Cache-Conscious Coallocation of Hot Data Streams

  • Trishul Chilimbi ,
  • Ran Shaham

Programming Languages Design and Implementation '06 (PLDI) |

Published by ACM SIGPLAN

Publication

The memory system performance of many programs can be improved by coallocating contemporaneously accessed heap objects in the same cache block. We present a novel profile-based analysis for producing such a layout. The analysis achieves cacheconscious coallocation of a hot data stream H (i.e., a regular data access pattern that frequently repeats) by isolating and combining allocation sites of object instances that appear in H such that intervening allocations coming from other sites are separated.
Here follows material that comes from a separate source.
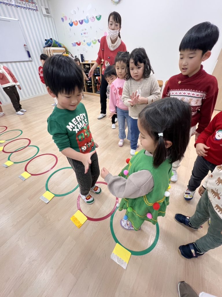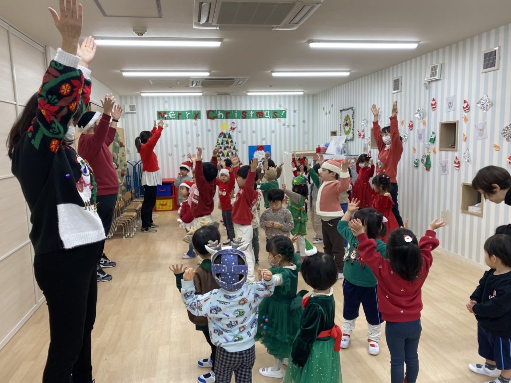 そのあとは、クリスマスにまつわる楽しいゲームをみんなで楽しみました。子どもたちは大盛り上がり!友だちと協力したり、応援し合ったりする姿も見られました。
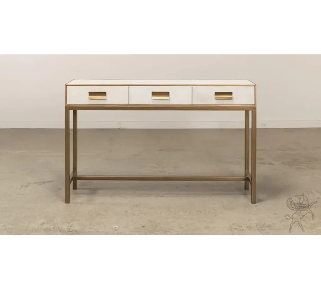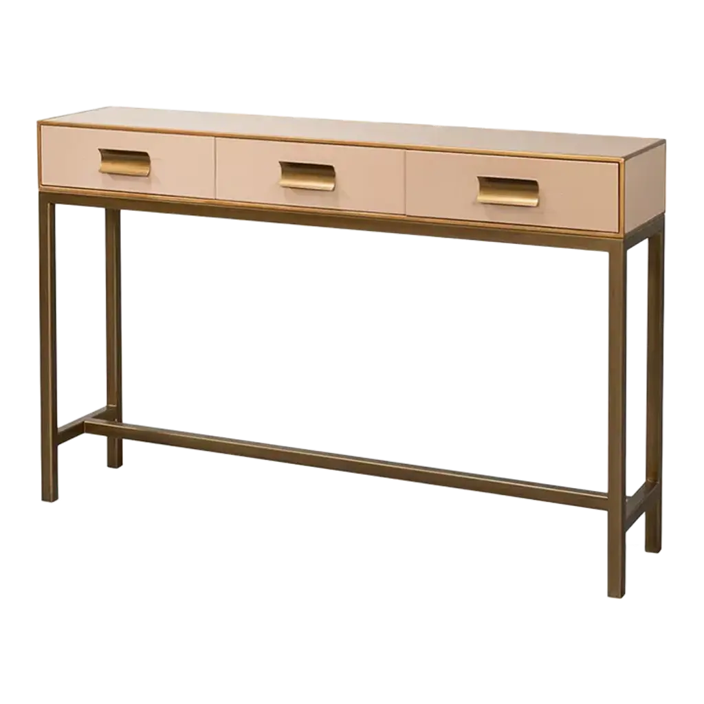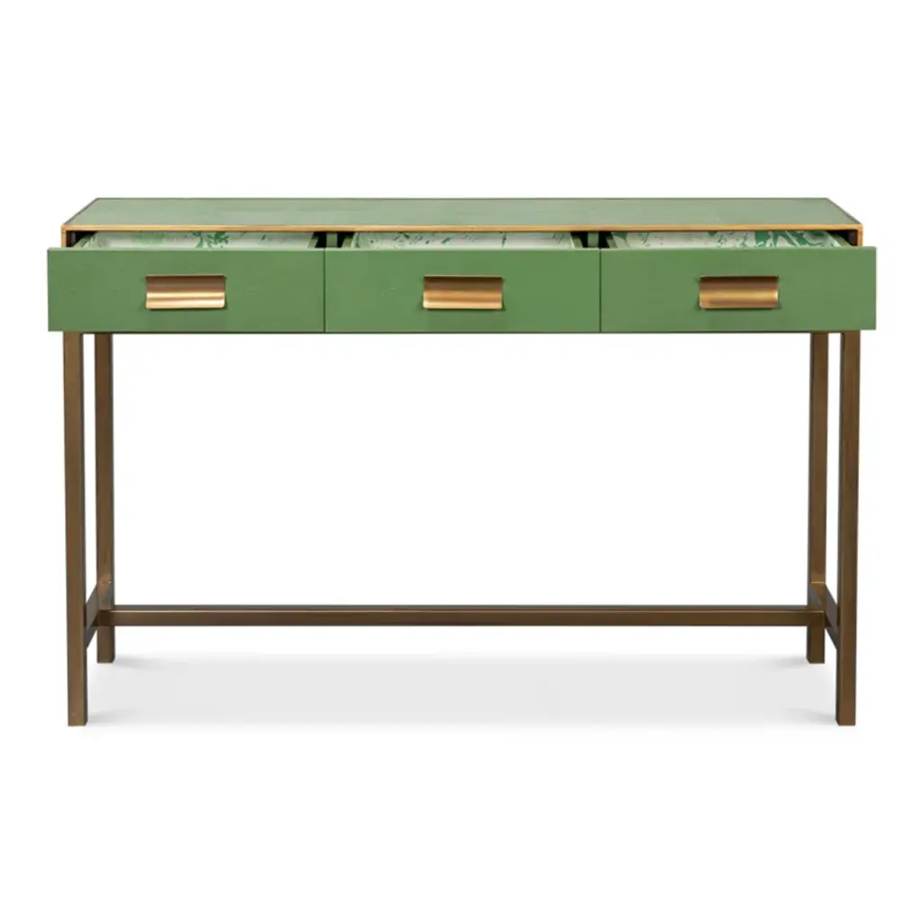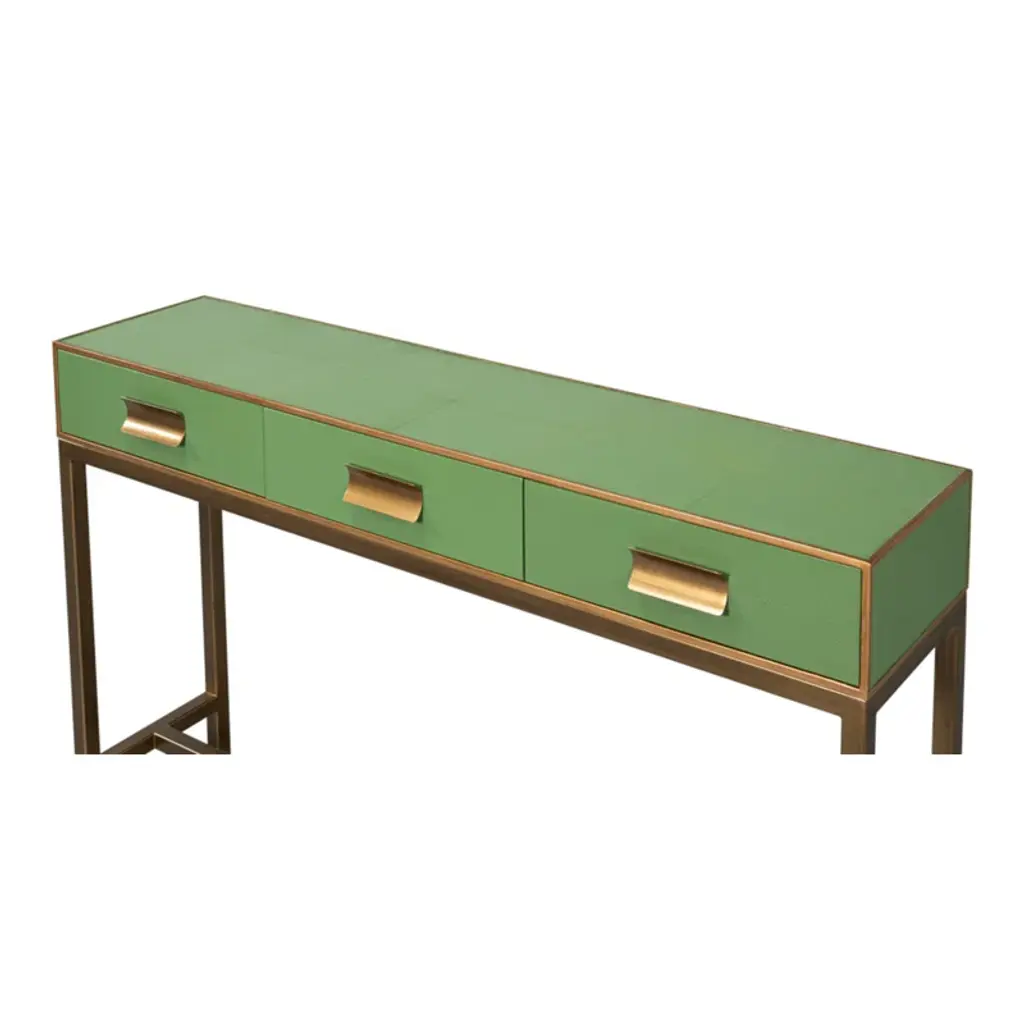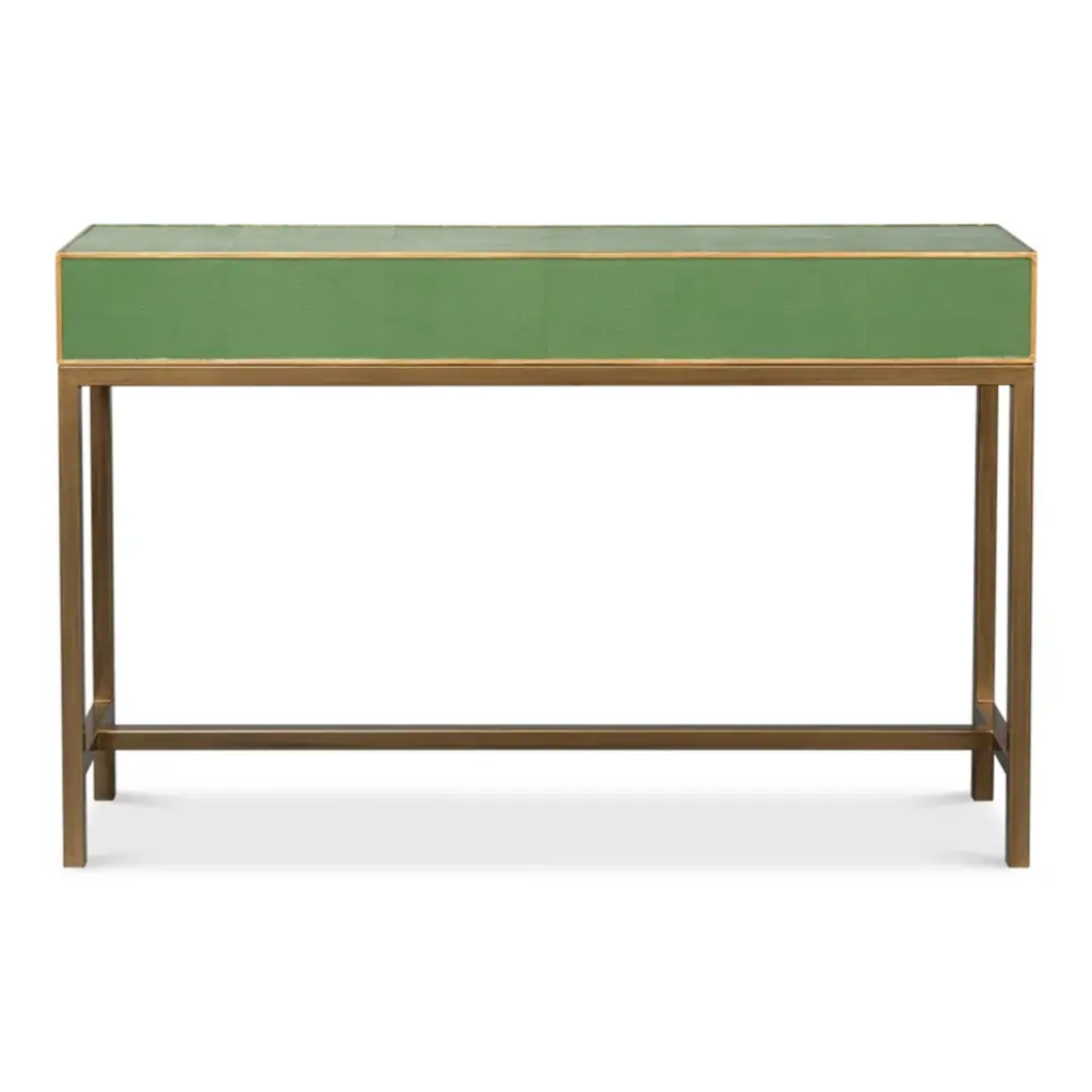 This console table blends modern design with classic elegance, featuring a textured shagreen finish that adds a touch of sophistication. Perfect for hallways or living areas, it provides a stylish surface for decorative accents or functional storage. Its refined design complements a variety of interior styles, combining aesthetic appeal with practical utility. Add versatility and charm to your living space with this standout piece.

The coallocation solution produced by the analysis is enforced by an automatic tool, cminstr, that redirects a program’s heap allocations to a run-time coallocation library comalloc. We also extend the analysis to coallocation at object field granularity. The resulting field coallocation solution generalizes common data restructuring techniques, such as field reordering, object splitting, and object merging, and allows their combination. Furthermore, it provides insight into object restructuring by breaking down the coallocation benefit on a per-technique basis, which provides the opportunity to pick the “sweet spot” for each program. Experimental results using a set of memory-performance-limited benchmarks, including a few SPECInt2000 programs, and Microsoft VisualFoxPro, indicate that programs possess significant coallocation opportunities. Automatic object coallocation improves execution time by 13% on average in the presence of hardware prefetching. Hand-implemented field coallocation solutions for two of the benchmarks produced additional improvements (12% and 22%) but the effort involved suggests implementing an automated version for type-safe languages, such as Java and C#.